На торжественном собрании в Парламентском центре выступали многие писатели. Говорили разное, в том числе и то, что не особенно вписывалось в рамки международной этики. Например, М. Шевченко, очевидно, чтобы понравиться местным инициаторам ещё большего отъединения Казахстана от России, утверждал, что две самые близкие матери в мире - это казахская мать и украинская «нэнька». И что Казахстану и Украине нужно особенно остерегаться нашего общего северного соседа. И что-то ещё в том же духе, отчего становилось не столько жалко оратора, сколько смешно.
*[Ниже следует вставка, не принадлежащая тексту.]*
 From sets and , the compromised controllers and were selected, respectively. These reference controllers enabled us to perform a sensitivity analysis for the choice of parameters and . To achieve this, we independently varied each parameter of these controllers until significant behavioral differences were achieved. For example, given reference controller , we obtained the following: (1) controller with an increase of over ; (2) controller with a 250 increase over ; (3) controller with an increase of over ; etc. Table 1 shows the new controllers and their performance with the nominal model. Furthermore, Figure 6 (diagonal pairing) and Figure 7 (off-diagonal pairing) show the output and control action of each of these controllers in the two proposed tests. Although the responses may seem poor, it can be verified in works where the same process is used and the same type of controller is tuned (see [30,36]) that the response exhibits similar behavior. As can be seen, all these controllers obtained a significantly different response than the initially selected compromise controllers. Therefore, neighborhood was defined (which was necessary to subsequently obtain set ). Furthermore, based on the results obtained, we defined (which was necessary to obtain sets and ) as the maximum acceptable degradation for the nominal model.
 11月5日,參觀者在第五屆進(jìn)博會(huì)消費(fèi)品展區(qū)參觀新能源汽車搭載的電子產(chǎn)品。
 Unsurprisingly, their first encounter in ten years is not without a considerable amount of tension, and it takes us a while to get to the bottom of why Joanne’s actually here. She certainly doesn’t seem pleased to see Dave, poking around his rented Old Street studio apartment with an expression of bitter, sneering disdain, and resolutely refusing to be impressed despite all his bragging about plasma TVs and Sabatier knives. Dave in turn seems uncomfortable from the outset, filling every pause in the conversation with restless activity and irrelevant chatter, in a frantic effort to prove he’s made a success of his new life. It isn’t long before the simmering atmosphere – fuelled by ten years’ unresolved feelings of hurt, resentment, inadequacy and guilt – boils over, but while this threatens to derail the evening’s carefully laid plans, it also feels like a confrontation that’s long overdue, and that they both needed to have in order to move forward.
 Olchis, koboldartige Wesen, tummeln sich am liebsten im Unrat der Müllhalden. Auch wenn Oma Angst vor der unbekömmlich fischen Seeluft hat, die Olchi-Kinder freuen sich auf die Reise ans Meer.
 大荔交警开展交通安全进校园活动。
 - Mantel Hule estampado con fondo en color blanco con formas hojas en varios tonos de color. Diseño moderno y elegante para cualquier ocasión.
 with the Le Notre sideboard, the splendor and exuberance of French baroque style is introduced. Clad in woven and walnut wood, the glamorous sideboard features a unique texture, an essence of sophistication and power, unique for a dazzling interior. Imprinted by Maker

Выступил Давид Кугультинов. Он говорил о своих многочисленных встречах с Мухтаром, о дружбе с ним, о том, что Мухтар тоже мог разделить судьбу Кугультинова. В 1930 году Мухтара арестовали, и несколько лет он провёл в заключении. Но по воле Бога не попал в ГУЛаг, где ему, Кугультинову, пришлось хлебнуть немало унижений и горя. А если бы попал, то, скорее всего, живым бы не вышел.
Я слушал его и думал о том, как удивительно устроена наша жизнь: в юбилей знаменитого писателя другой знаменитый писатель говорит не про его творчество, не про его книги, а про аресты, тюрьмы и лагеря. Словно бы речь идёт не о великом труженике и мудреце, а о разбойнике.
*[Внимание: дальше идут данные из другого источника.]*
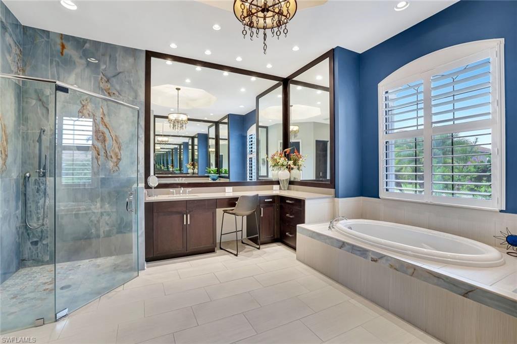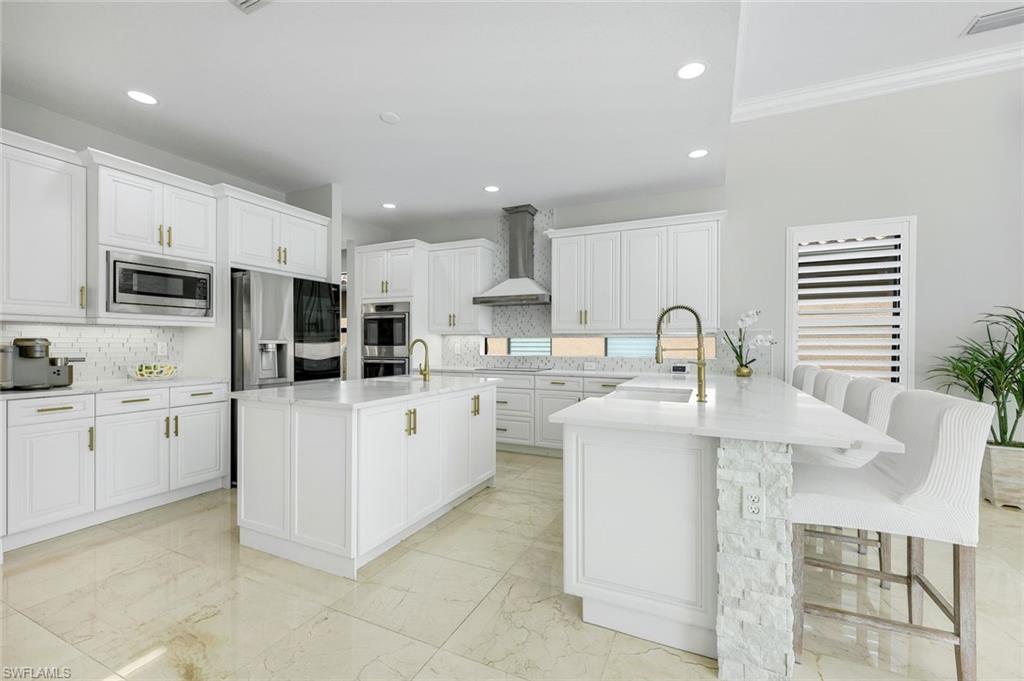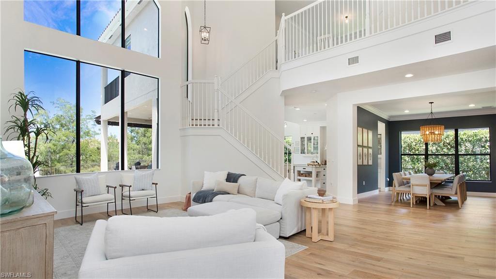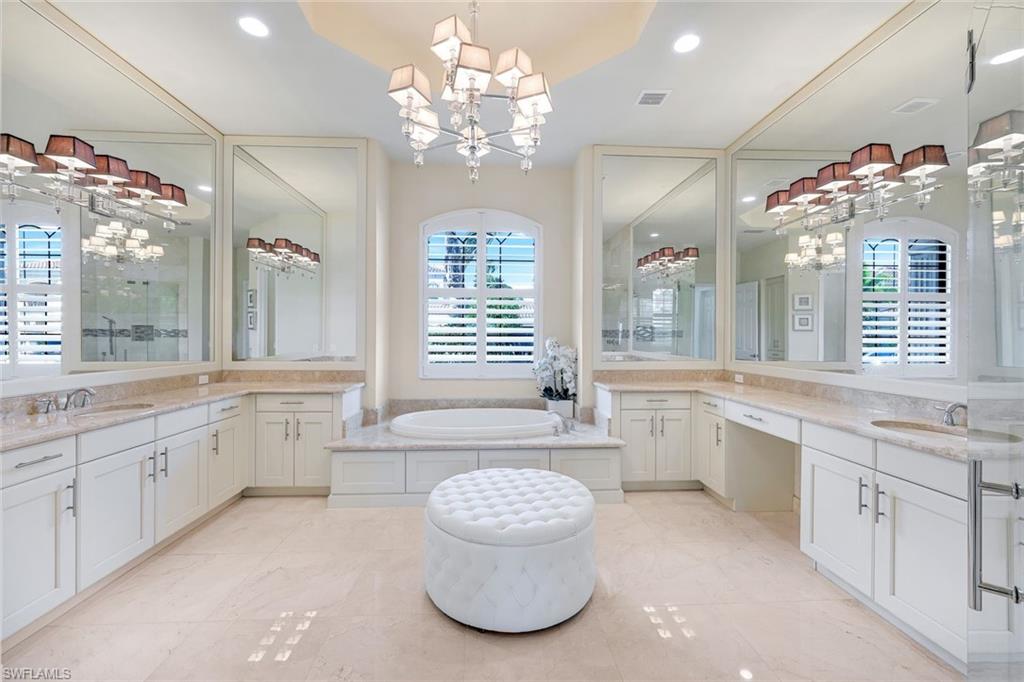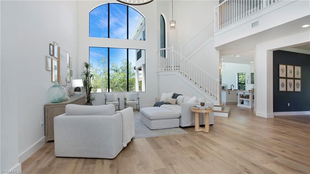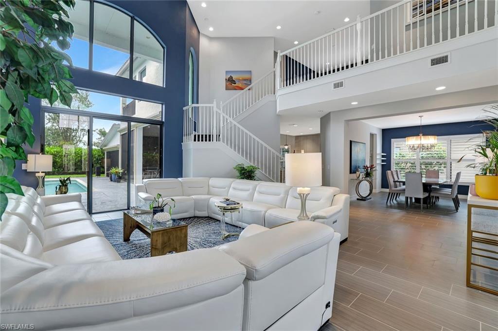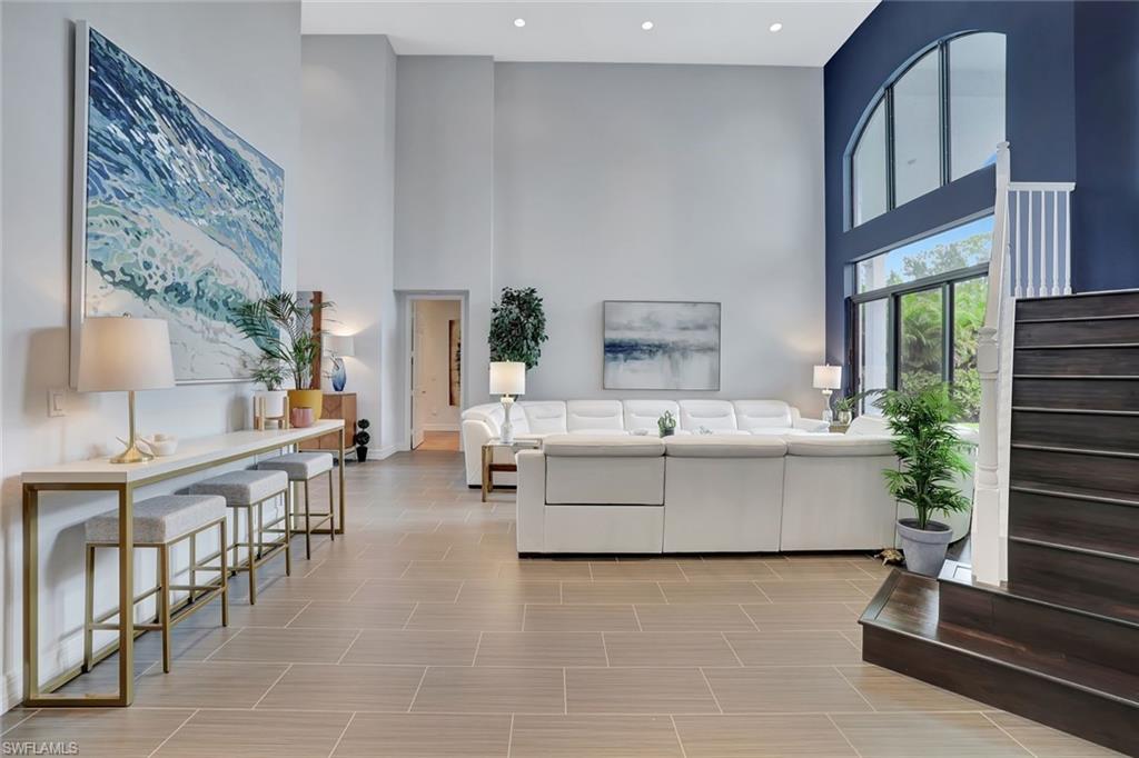 Discover the pinnacle of luxury living with the largest floor plan available in Riverstone of Naples. The Dubonnet Grande model seamlessly blends style, elegance, and functionality, offering a home that has been meticulously remodeled with exceptional attention to detail. As you enter, you are greeted by a grand foyer and soaring volume ceilings, with natural light cascading into the family room through expansive picture windows. The kitchen is a culinary masterpiece, featuring custom cabinetry, a functional island, GE Monogram appliances, glass front cabinets and stunning quartz countertops, all reminiscent of a magazine showroom. The pantry is a marvel, with its glass French door entry, subway tile backsplash, butcher block counters, and custom shelving designed to optimize every nook. The main living areas boast engineered hardwood flooring, enhanced with a thicker veneer for added durability and humidity resistance. The entryway leads to a mud/laundry room equipped with custom gray cabinets and a convenient bench seat. The crown jewel of the ground floor is the primary suite, featuring grand bay windows and a luxuriously remodeled primary bath that promises a spa-like retreat. Step outside to a vast, private outdoor space. Clusia hedges lined with fencing offer seclusion, while the preserve and trellis in the rear create the perfect backdrop for the western exposure. The pool area is a haven, with natural shell inlay pavers that stay cool underfoot, a smartly designed pool with a sun shelf, and a hot tub with a drip edge overlook. Ascend the grand staircase, accentuated with white risers, to reach the open loft/den area, which can be enclosed for an office. A few steps lead to the versatile bonus/media room, complete with built-in cabinets and a mini-fridge. The second floor also includes an open balcony, perfect for crafting your own Southwest Florida paradise, as well as three additional bedrooms and two and a half baths. Further enhancements include crown moldings throughout most of the home, three separate HVAC systems for personalized comfort, a 50-amp breaker for a generator, and a 240-amp breaker for your electric vehicle. This impeccably designed home is ready for you to move in and start living the dream.

В перерыве я встретился с Чингизом Айтматовым, пригласил в Петербург - его у нас примут как одного из самых любимых писателей. Он дипломатично выдержал паузу и, глядя куда-то за мою спину, сказал:
- Да, в Ленинграде я давно уже не был. Теперь живу в Европе, дела, всё некогда.
Его отвлекли, и разговор наш прервался. Потом мы ещё встречались, но он ни разу не вспомнил о моём приглашении.
А с Давидом Никитичем мы поговорили в театре, перед началом торжества. Я вспомнил нашу поездку на место дуэли Пушкина, вопросы Виктора Конецкого, на которые он тогда не дал ответа, и сам спросил:
- Так всё-таки теперь, когда прошло немало лет после заключения, что вы можете сказать о ГУЛаге? Чем в государстве была вызвана эта неадекватная мера наказания для многих советских людей?
- Прежде всего, недоверием большевиков к собственному народу. Во-вторых, страхом преобразований, которые могут лишить их власти. Они, по сути, пошли против своего народа и даже против самих себя. Скольких они отправили на тот свет, кто был с ними, делал революцию, а затем строил страну!
- Но я уже второй раз слушаю ваши выступления, и у меня не складывается ощущения, что вас переполняет месть к стране, к государству, которое столь жестоко распорядилось многими годами вашей жизни. Тогда как Солженицын, мне кажется, стал мстителем: Сталину, стране, эпохе...
- Солженицын пишет правду, и в этом его спасение как писателя. Я не задумывался над тем, мститель он или нет, наверное, в какой-то степени да. Лично я не собираюсь никому мстить, не до этого. Разобраться бы во всём, вот моя задача.
И сказать такое, чтобы предостеречь всякие новые власти от повторения большевистского разгула...
Сейчас, годы спустя, я, наверное, не совсем точно восстанавливаю слова Ку- гультинова, но хорошо помню, что он сдержанно говорил на такую больную для него тему.
Уже тогда Алма-Ата как столица доживала свои последние годы. Все только и говорили о том, что столица будет перенесена далеко на север, на место, где сейчас стоит Целиноград. Для неё пока что не придумано имя, но, без сомнения, оно будет казахское. И Республика не пожалеет никаких средств, чтобы столица стала прекрасным современным городом. Это поможет навечно утвердить за Казахстаном его северные территории.
А наш вечер в МСПС... Какой может быть вечер Кугультинова без самого Кугультинова?!
27 апреля. Умер Кирилл Лавров.
Умер Мстислав Ростропович.
Поезд «Москва-Северодвинск» прибыл в Няндому в 10 часов с минутами. На перроне мы увидели мужчину с табличкой в руках: «Литературный фестиваль. Встречаю москвичей». Оказалось, он встречает меня и Сергея Куняева. Сели в машину и полетели в Каргополь.
Поселились в двухэтажном кирпичном здании гостиницы «Каргополочка» - одном из немногих среди деревянных строений широко известного на Руси стиля «баракко». Зато храмы такие величественные, просто загляденье храмы! Почти дюжина их на крошечный городок с населением меньше десяти тысяч. Высокие, белокаменные, они глядятся, будто любуются собой, с низкого берега в Онегу. Когда-то их строили купцы, богатые люди. Строили красиво и качественно, на века.